Reports on the company’s plan to hold an IPO first surfaced in March 2013, when Nexteer was said to be aiming to raise around $500 million. A report published two weeks ago said the targeted amount was at $400 million.
Nexteer was originally part of Delphi Corp.'s spinoff from General Motors in 1999. However, the company went back to GM after Delphi succumbed to Chapter 11 bankruptcy. GM sold Nexteer in 2010 to Pacific Century Motors, a firm backed by the Beijing municipal government. China’s largest aerospace company, Aviation Industry Corp., currently owns 51 percent of Nexteer through unit AVIC Automobile Industry Holding Co.
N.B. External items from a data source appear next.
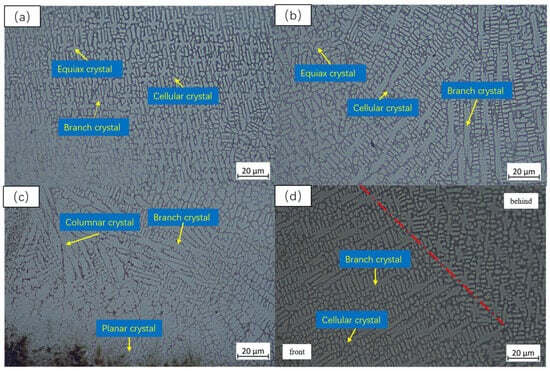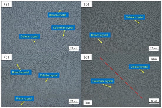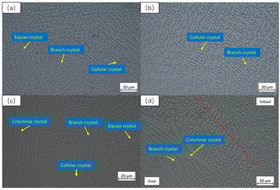 In Figure 6d, Figure 7d and Figure 8d, the lap area of the Y2O3 coating with different ratios is applied. The coating consists mainly of columnar crystals and dendrites, and it is evident that the structure before the coating is larger than that after the coating. The coagulation time of the tissue in this region is extended, allowing the tissue to grow more.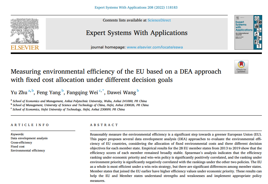近日,经济与管理学院教师朱钰作为第一作者(RayBetApp官网下载 为第一单位)与中国科学技术大学杨锋教授、合肥工业大学魏方庆副教授以及中国科学技术大学博士生王大伟在《Expert Systems with Applications》在线发表了题为“Measuring environmental efficiency of the EU based on a DEA approach with fixed cost allocation under different decision goals”的学术论文。Expert Systems With Applications是国际权威期刊,中科院大类一区,JCR一区,IF 8.665。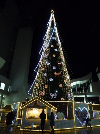今回は、新梅田シティの空中庭園の下に飾られたクリスマスツリーを観に行きました。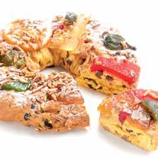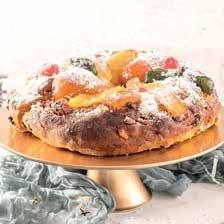 l Un pan esponjoso adornado muy festivamente con fruta confitada. En él se esconden dos diferentes objetos durante su preparación: figuras de los tres reyes magos o del niño Jesús, y un haba.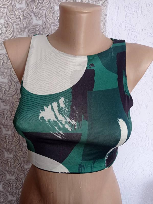 Розмір вказаний 8. Стан ідеальний. Склад: 95% поліестер,5% еластан. Заміри: ПОГ-34 см, плечі — 23 см, Пониза — 30 см, довжина — 37 см (топик тягнеться). Світлина на тілі немає. Пересилання.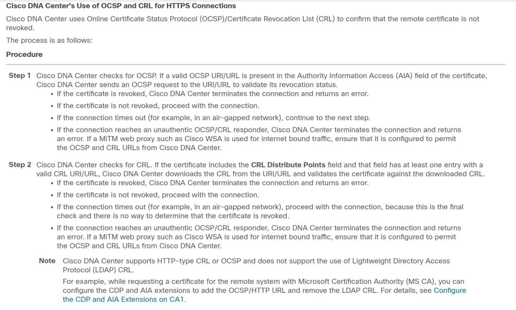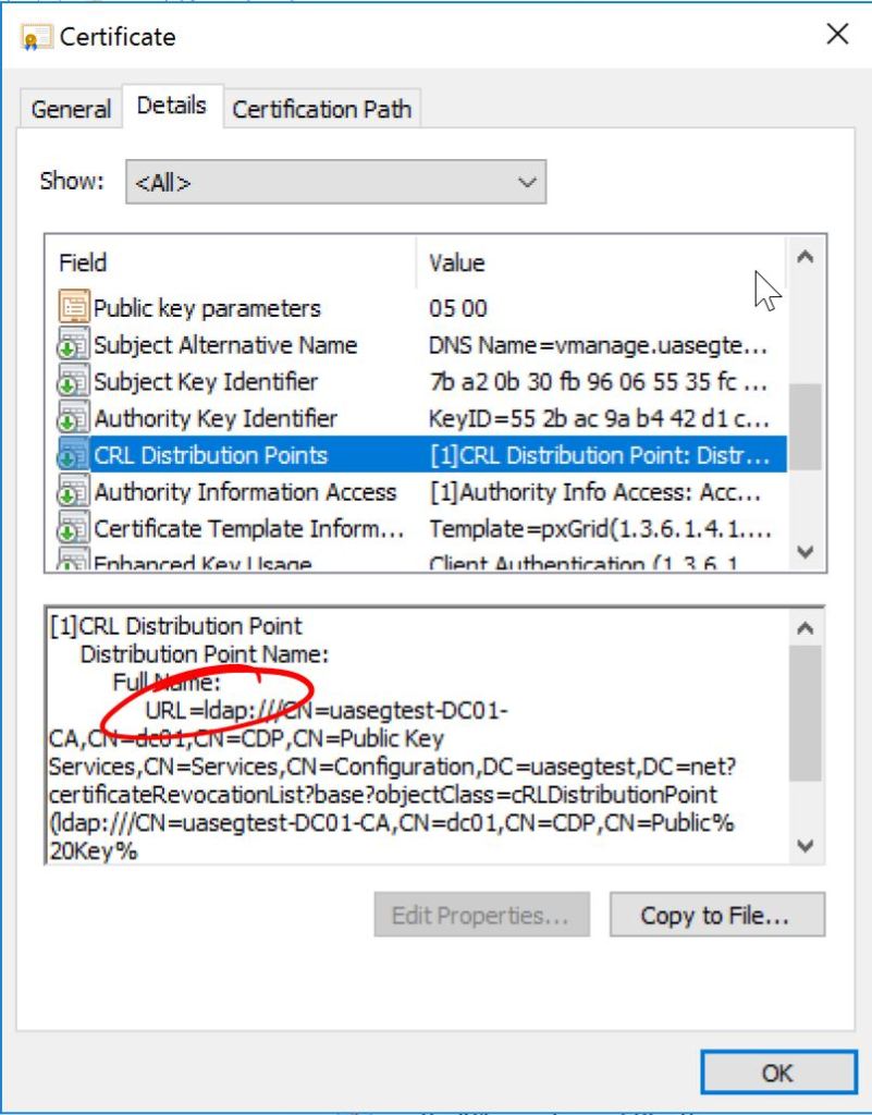 Towards the bottom there we have an interesting note: DNAC doesn’t like LDAP CRL’s. Well let’s take a closer look at our vManage cert.

Headquartered in Auburn Hills, Michigan, Nexteer Automotive is an automotive parts supplier specializing in the manufacture of steering and driveline products. Its original predecessor was Jackson, Wilcox and Church, founded more than 100 years ago in 1906 and selling the so-called Jacox gear. Buick purchased Jackson, Wilcox and Church in 1909 and transferred its ownership parent General Motors as the Jackson, Church and Wilcox Division.
The Jackson, Church and Wilcox Division was renamed as Saginaw Product Company in 1919 and as Saginaw Steering Gear Division in 1928. Two years lated in 1930, Jacox trade name was changed to Saginaw. The division from renamed in 1985 to as the Saginaw Division, which was then grouped with other GM component units into Automotive Components Group. This Automotive Components Group was spun off from GM into Delphi Automotive and the Saginaw Division was renamed Delphi Steering.
Delphi then filed for Chapter 11 bankruptcy protection on October 10, 2005.This lengthy bankruptcy proceeding saw GM through subsidiary GM Global Steering Holdings LLC, purchased Delphi Steering in 2009. Delphi Steering was then renamed as Nexteer Automotive. Following agreements with union, GM moved to prepare Nexteer for sale, since the company Nexteer had multiple customers besides the carmaker.
In November 2009, the Michigan Economic Growth Authority provided a $70.7 million state tax credit over 10 years to Nexteer, which announced in December 2009 plans to invest $400 million across the board. GM sold Nexteer to Pacific Century Motors on November, 2010 and the Nexteer was broken up into two separate companies.